__Your instructions__:
Output exactly the lines that run from the start of the records to the line with "Участники котовской команды", counting both ends, and skip the pictures.

Stored entries:
=====

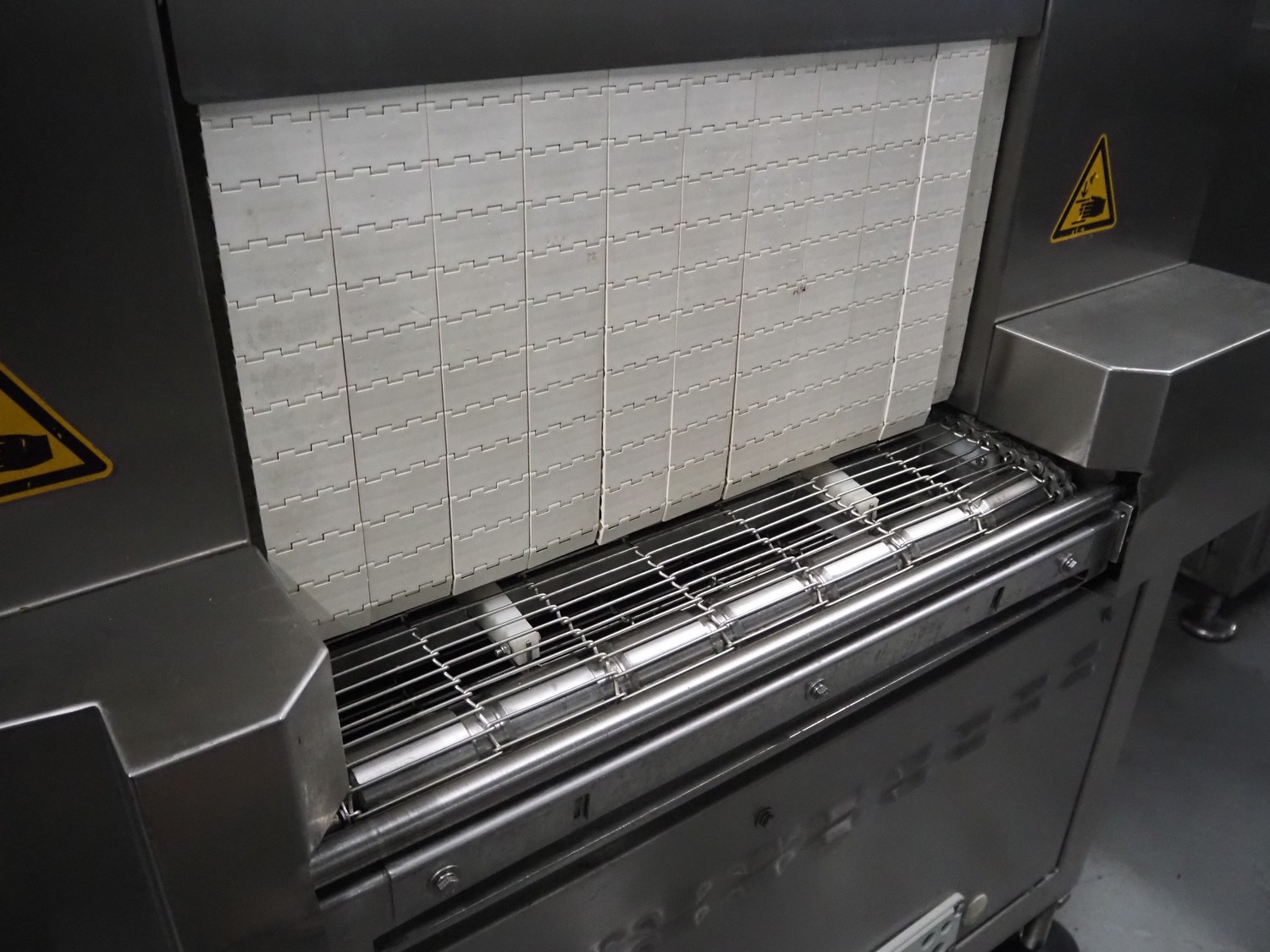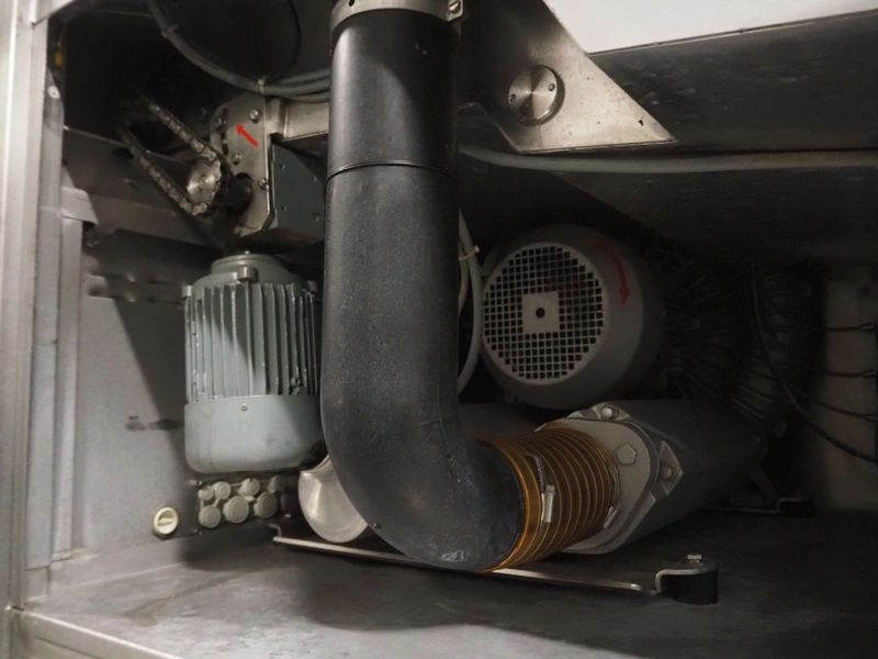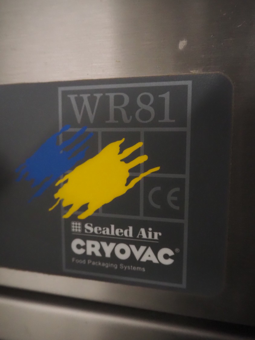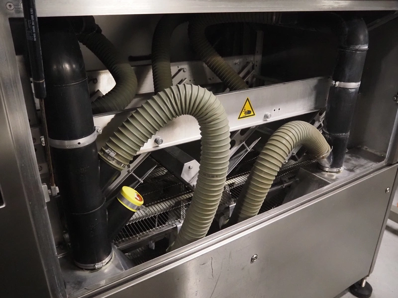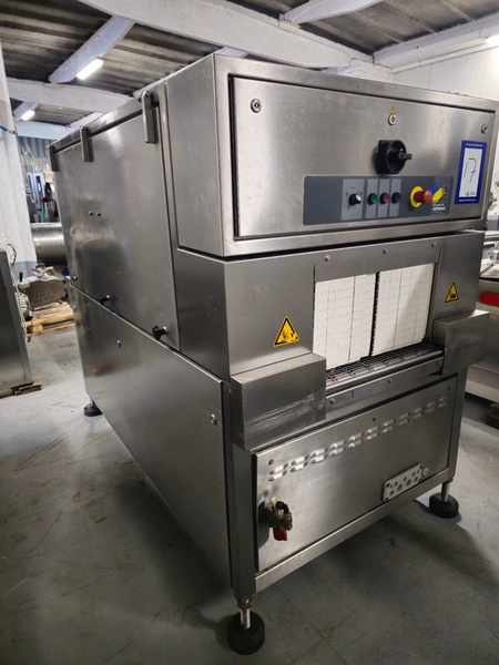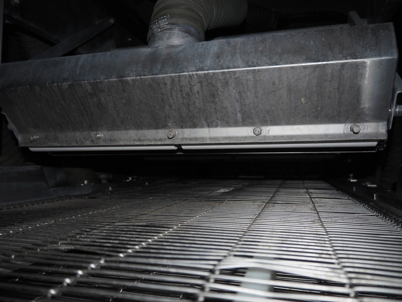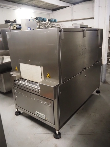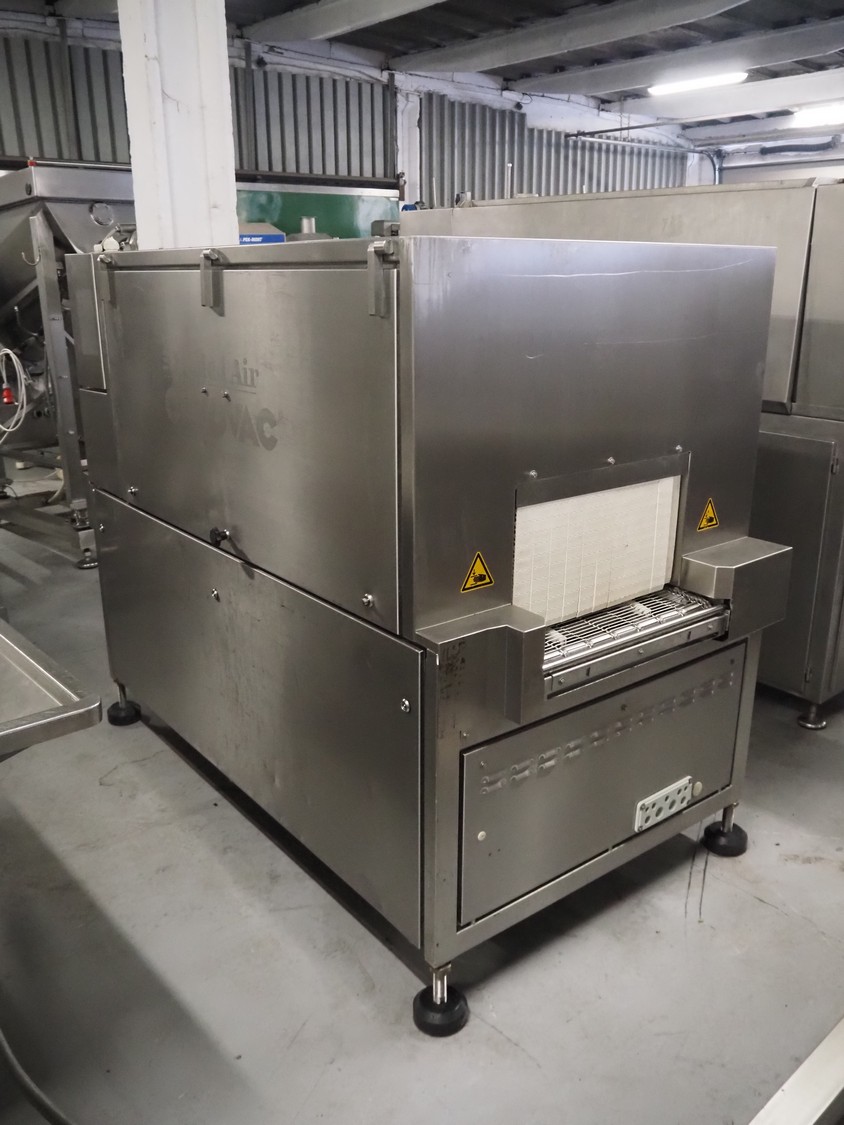 Cryovac drying tunnel, model: WR81, s/s mesh belt, belt width: 550 mm, clearance: 560 mm x 300 mm, (3x) blowers, working width blower: (3x) 550 mm, total dimensions: 2050 mm x 1170 mm x 1700 mm.
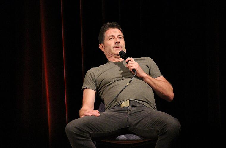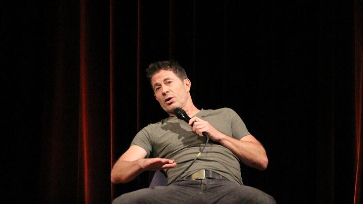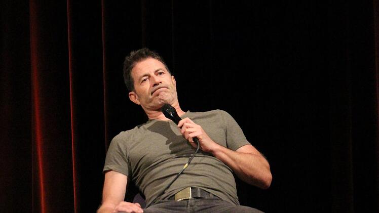 Probiert dieser Miller aus, wie weit er da gehen kann? Was er noch alles dahinstopseln kann, und die Leute folgen ihm widerstandslos lachend. Aber stopp, seine Behauptung, der Mensch an sich sei frauenfeindlich, wird mit ein bisschen amüsiertem Unmut bedacht.
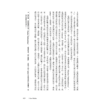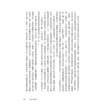 現在,每天早上當我睜開雙眼,我渴望能見到放滿我的物品的那個舊房間,有我滿地的衣服,還有架上陳列著學校頒發的獎狀。但是我卻是身在一個跟我親愛的祖國巴基斯坦、我的故鄉史瓦特河谷有五個小時時差的國家。你能想像的便利這裡一應俱全。每個水龍頭都有自來水,冷熱水任君選擇;不論晝夜,控制燈光只需要按下開關,不需要用油燈;也不需要先去市集搬瓦斯桶回來接煮飯用的爐子。這裡的一切都非常現代,甚至只要拆開包裝就有熟食可吃。
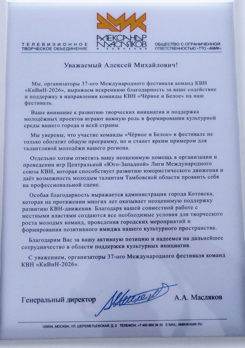 Участники котовской команды КВН «Черное и белое», недавно вернувшиеся с 37-го международного Сочинского фестиваля, встретились с главой города Алексеем Плахотниковым, чтобы рассказать о своём выступлении и планах на новый сезон. Встреча прошла в тёплой, дружеской атмосфере, где смешались эмоции от недавней сцены и надежды на будущее. Особый момент встречи — команда передала Алексею Плахотникову благодарственное письмо от генерального директора творческого объединения «АМиК» Александра Маслякова за личное содействие и поддержку в организации участия команды «Черное и белое» на фестивале «КиВиН-2026».
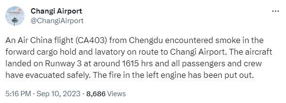 中新網(wǎng)9月10日電 綜合報道,當?shù)貢r間10日,新加坡樟宜機場在社交媒體發(fā)文稱,一架從中國成都起飛的中國國際航空公司航班(CA403)在飛往該機場的途中前貨艙和衛(wèi)生間冒出煙霧。該航班于下午4時15分左右降落在樟宜機場3號跑道。左側發(fā)動機的火已被撲滅。
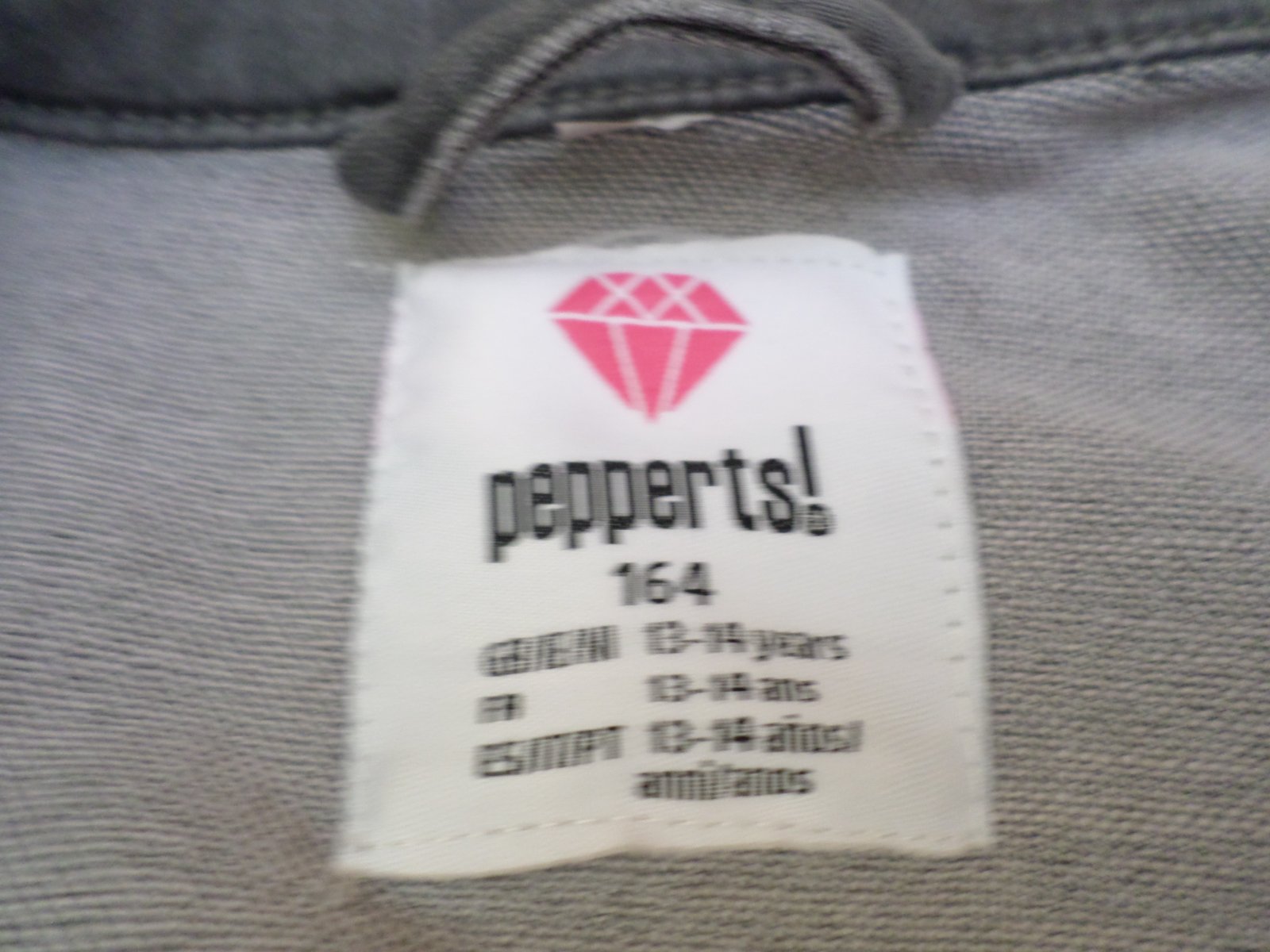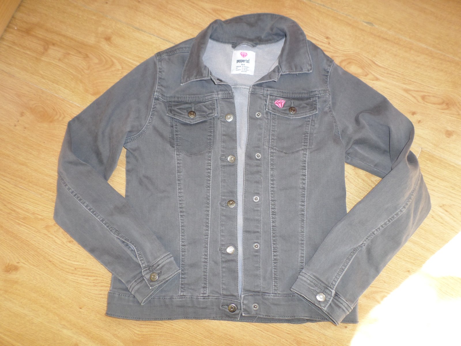 Riflová bunda z Lidlu, nošená. Vel. 164. Z vnitřní strany je zatržená nit.Dole u lemu je místo s dírkou - viz foto. Barva taková šedo-černá
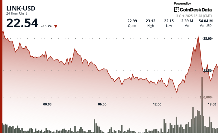 - Link changed his hands into a fork of $ 0.96 between $ 22.13 and $ 23.09, which represents a fluctuation of 4.27% during the 24 -hour period.
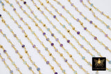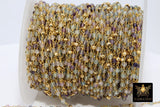 22 k Gold Natural Flourite Rosary Chain, Unfinished 4 mm Gold Pyrite Beaded Wire Wrapped RS #95, Mint Aqua Purple Diamond Cut Gemstones
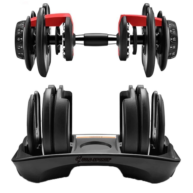 O Halter Smart Gold Sports Dumbbell Ajustável Até 24kg - Multinível permite ao usuario fazer terinos de diversos grupamentos e aumentando e diminuindo o peso com um só produto
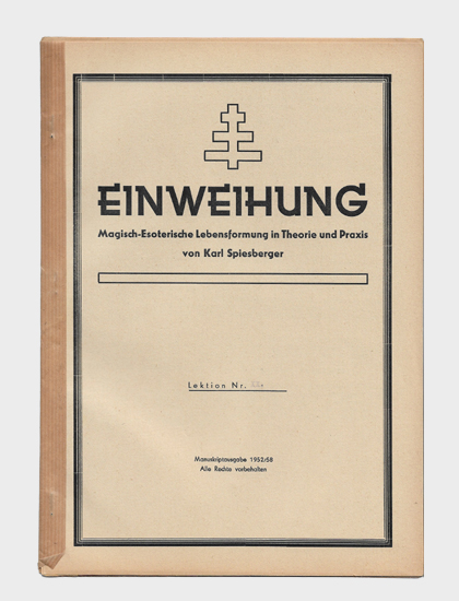 Einweihung. Magisch-esoterische Lebensformung in Theorie und Praxis. Lektion Nr. XX. Privatdruck / Manuskriptausgabe o.O., 1952/58. 4°. 1 Bl., 14 S. Typoskriptdruck mit Klammerheftung und Fälzelstreifen.
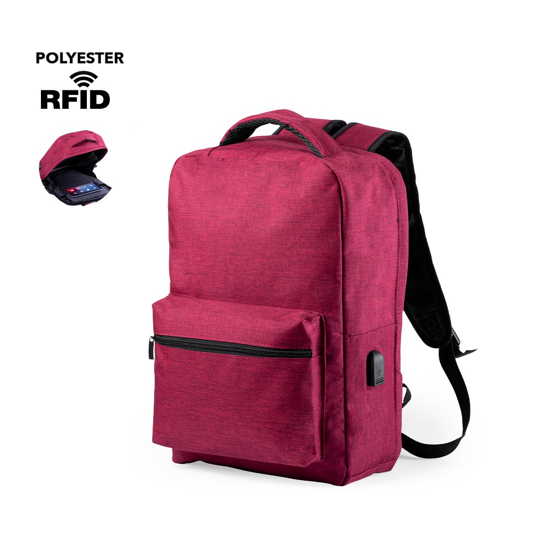 Sac à dos antivol en polyester durable 300D. Avec poche antivol sur le dos pour stocker des objets de valeur. Compartiment intérieur avec sortie USB pour la connexion powerbank -non inclus.. Inclut le micro câble USB pour une commodité totale dans le chargement de n importe quel appareil mobile. Poche latérale avec protection RFID et compartiments intérieurs rembourrés pour tablettes jusqu à 10 pouces et ordinateurs portables jusqu à 15 pouces. Tape pour fixer au chariot et disponible dans une large gamme de couleurs, avec une multitude de poches intérieures et extérieures. Sangles d épaule et de dos réglables avec rembourrage.
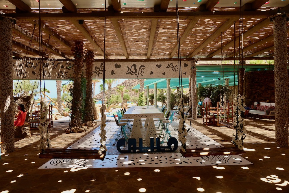 - Currently, Calilo has one restaurant, where serves delicious food all day (although guests can also have their meals at the rock pool, on the beach or in their room). Located between the lobby and the pool area, the open-sided restaurant is styled in the resort's signature Gaudi-esque decor and features several hidden nooks & corners (e.g. sunken dining areas within the pool). In the morning, the venue offers a breakfast buffet while during lunchtime and in the evening (until midnight), a la carte dining is offered with a wide variety of Western and Greek dishes. Calilo's food philosophy is rooted in the Ancient Greeks' belief that a healthy body supports a healthy mind and the resort's kitchen strongly advocates the benefits of a Mediterranean diet.
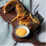 This filling and flavorful burger is prepared with special spices and cooked on the grill. It features caramelized onions, mushrooms, and cheddar cheese, all wrapped in dough and baked in a stone oven. Served with French fries, onion rings, and cheddar sauce
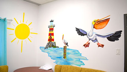 Nous avons mis notre talent au service de l’endroit afin de créer des salles thématiques. Une salle représente des scènes inspirées de l’univers des pirates, une salle dans laquelle on se retrouve sous l’eau avec des poissons rigolos, ainsi qu’une salle où les oiseaux marins sont en vedette, volant autour d’un phare.
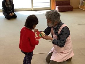 最後に園長先生から修了証とごほうびを頂きました🍎
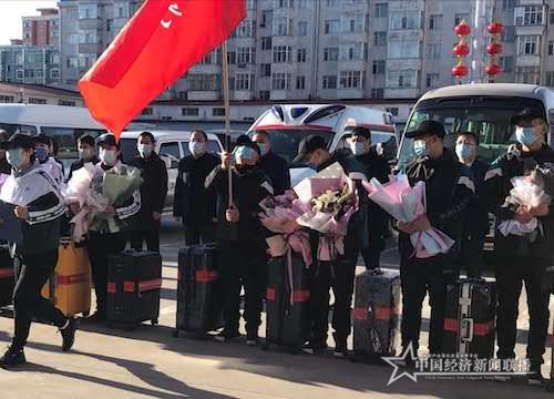 仪式首先由孙坤为驰援牡丹江医疗队授旗,接着医疗队代表作表态发言。最后由李思勇作动员讲话。

=====

__Output of the task__:
 Cryovac drying tunnel, model: WR81, s/s mesh belt, belt width: 550 mm, clearance: 560 mm x 300 mm, (3x) blowers, working width blower: (3x) 550 mm, total dimensions: 2050 mm x 1170 mm x 1700 mm.
 Probiert dieser Miller aus, wie weit er da gehen kann? Was er noch alles dahinstopseln kann, und die Leute folgen ihm widerstandslos lachend. Aber stopp, seine Behauptung, der Mensch an sich sei frauenfeindlich, wird mit ein bisschen amüsiertem Unmut bedacht.
 現在,每天早上當我睜開雙眼,我渴望能見到放滿我的物品的那個舊房間,有我滿地的衣服,還有架上陳列著學校頒發的獎狀。但是我卻是身在一個跟我親愛的祖國巴基斯坦、我的故鄉史瓦特河谷有五個小時時差的國家。你能想像的便利這裡一應俱全。每個水龍頭都有自來水,冷熱水任君選擇;不論晝夜,控制燈光只需要按下開關,不需要用油燈;也不需要先去市集搬瓦斯桶回來接煮飯用的爐子。這裡的一切都非常現代,甚至只要拆開包裝就有熟食可吃。
 Участники котовской команды КВН «Черное и белое», недавно вернувшиеся с 37-го международного Сочинского фестиваля, встретились с главой города Алексеем Плахотниковым, чтобы рассказать о своём выступлении и планах на новый сезон. Встреча прошла в тёплой, дружеской атмосфере, где смешались эмоции от недавней сцены и надежды на будущее. Особый момент встречи — команда передала Алексею Плахотникову благодарственное письмо от генерального директора творческого объединения «АМиК» Александра Маслякова за личное содействие и поддержку в организации участия команды «Черное и белое» на фестивале «КиВиН-2026».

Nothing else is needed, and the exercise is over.